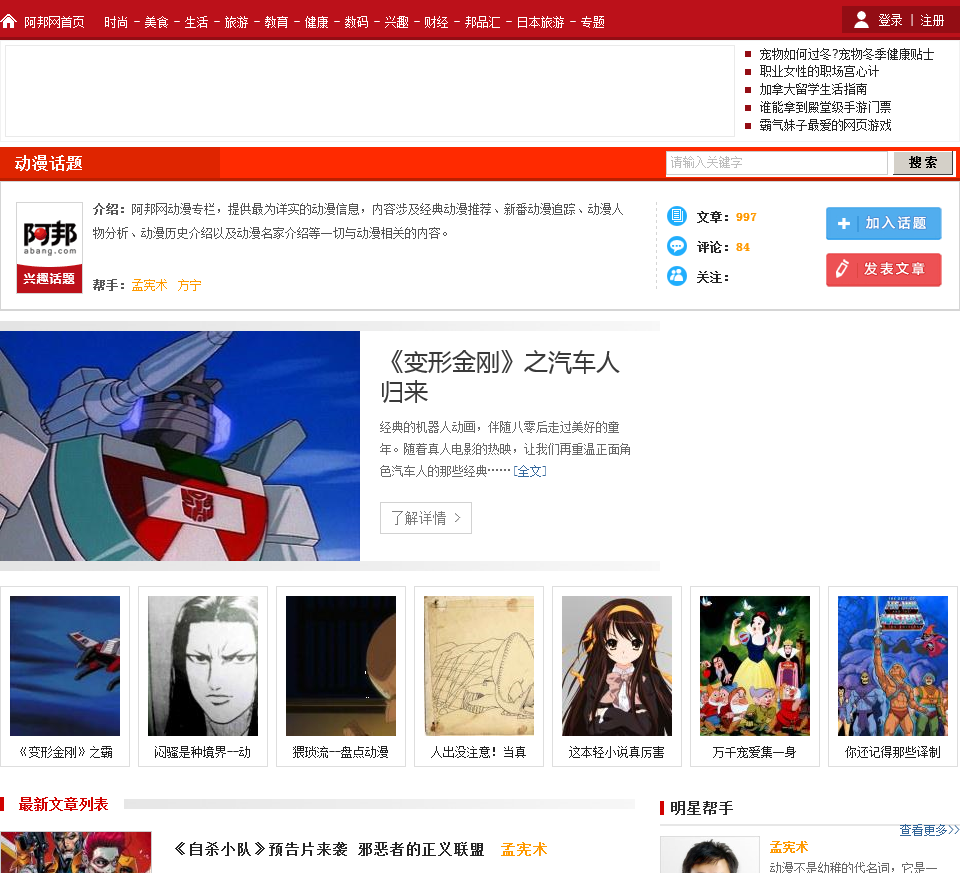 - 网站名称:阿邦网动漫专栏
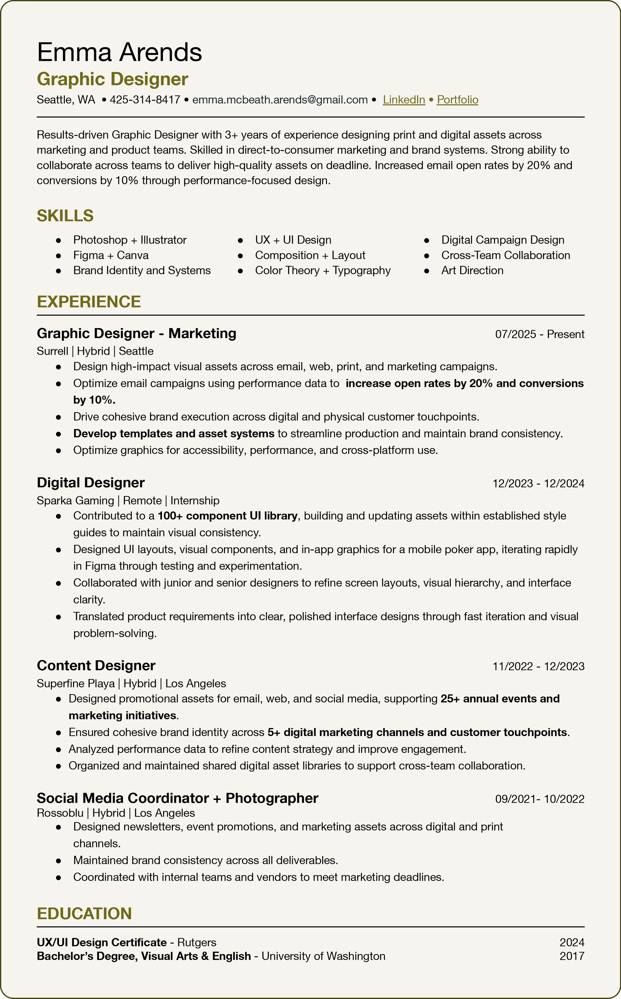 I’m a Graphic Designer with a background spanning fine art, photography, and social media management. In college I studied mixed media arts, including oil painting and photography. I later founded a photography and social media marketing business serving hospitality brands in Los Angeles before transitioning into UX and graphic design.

==

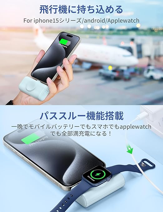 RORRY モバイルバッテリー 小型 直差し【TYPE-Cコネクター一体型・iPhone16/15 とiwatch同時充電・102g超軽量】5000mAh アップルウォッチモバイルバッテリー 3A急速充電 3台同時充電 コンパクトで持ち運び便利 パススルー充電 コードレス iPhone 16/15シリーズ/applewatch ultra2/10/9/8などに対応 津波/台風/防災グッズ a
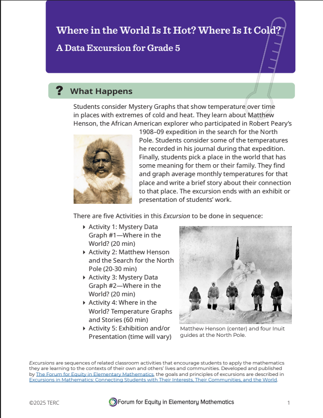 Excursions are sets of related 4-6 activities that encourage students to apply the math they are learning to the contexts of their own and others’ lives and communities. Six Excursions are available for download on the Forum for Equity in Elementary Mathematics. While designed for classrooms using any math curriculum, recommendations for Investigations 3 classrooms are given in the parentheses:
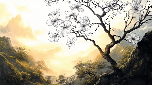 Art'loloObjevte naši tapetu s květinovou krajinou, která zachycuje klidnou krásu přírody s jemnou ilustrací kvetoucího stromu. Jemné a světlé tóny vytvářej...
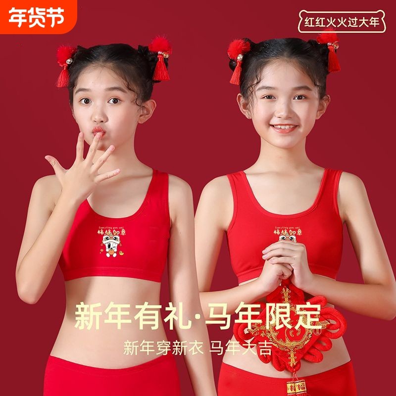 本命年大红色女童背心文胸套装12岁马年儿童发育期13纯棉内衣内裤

### Exercise
Exercise for the records above: copy only the lines from the one with "Excursions are sets" to the one with "本命年大红色女童背心文胸套装12岁马年儿童发育期13纯棉内衣内裤", both ends kept, and drop the pictures.

### Response to this exercise
 Excursions are sets of related 4-6 activities that encourage students to apply the math they are learning to the contexts of their own and others’ lives and communities. Six Excursions are available for download on the Forum for Equity in Elementary Mathematics. While designed for classrooms using any math curriculum, recommendations for Investigations 3 classrooms are given in the parentheses:
 Art'loloObjevte naši tapetu s květinovou krajinou, která zachycuje klidnou krásu přírody s jemnou ilustrací kvetoucího stromu. Jemné a světlé tóny vytvářej...
 本命年大红色女童背心文胸套装12岁马年儿童发育期13纯棉内衣内裤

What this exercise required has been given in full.